= Teratospermia =

Medical condition of mis-shaped sperm

Teratospermia or teratozoospermia is a condition characterized by the presence of sperm with abnormal morphology that affects fertility in males.

==Causes==
The causes of teratozoospermia are unknown in most cases. However, Hodgkin's disease, coeliac disease, and Crohn's disease may contribute in some instances. Lifestyle and habits (smoking, toxin exposure, etc.) can also cause poor morphology. Varicocele is another condition that is often associated with decreased normal forms (morphology).

In cases of globozoospermia (sperm with round heads), the Golgi apparatus is not transformed into the acrosome that is needed for fertilization.

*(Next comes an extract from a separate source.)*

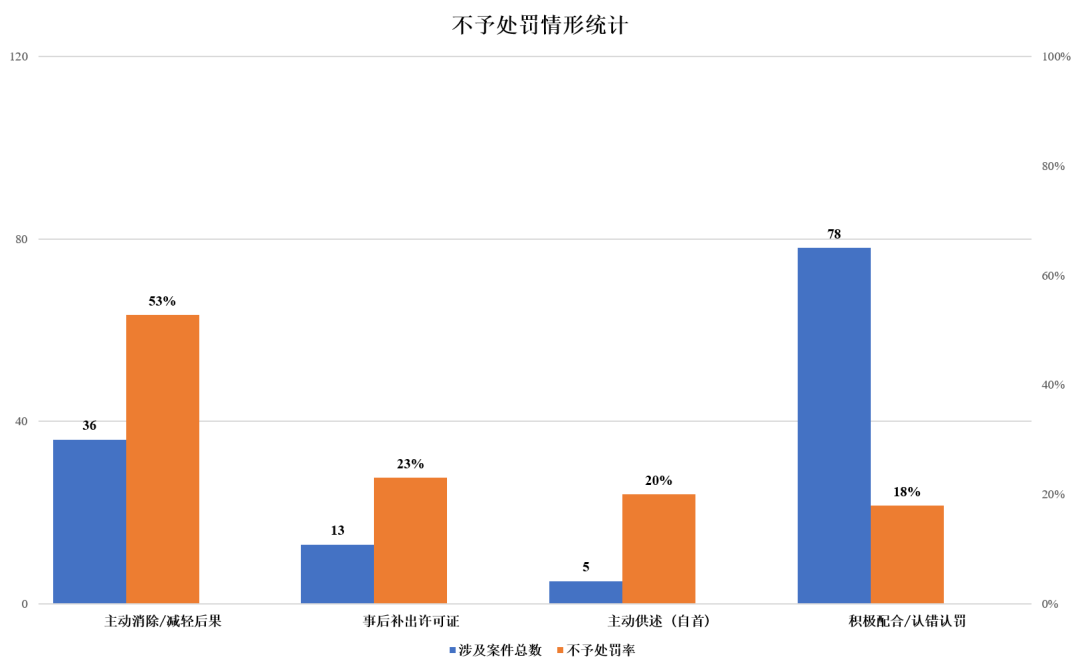 此外,还有近两成的案件最终免于处罚。这显示出在合规整改到位或情节轻微的情况下,执法部门有免除企业处罚的可能性。

==Symptoms and treatment==
The presence of abnormally-shaped sperm can negatively affect fertility by preventing transport through the cervix and/or preventing sperm from adhering to the ovum. Achieving a pregnancy may be difficult.

In testing for teratozoospermia, sperm are collected, stained and analyzed under a microscope to detect abnormalities. These abnormalities may include heads that are large, small, tapered, or pyriform or tails that are abnormally shaped.

Antiestrogens have been shown to be effective in the treatment of teratozoospermia.

Teratozoospermia (including the globozoospermia type), may be treated by intracytoplasmic sperm injection (ICSI), injecting sperm directly into the egg. Once the egg is fertilized, abnormal sperm morphology does not appear to influence blastocyst development or blastocyst morphology. Even with severe teratozoospermia, microscopy can still detect the few sperm cells that have a "normal" morphology, allowing for optimal success rate.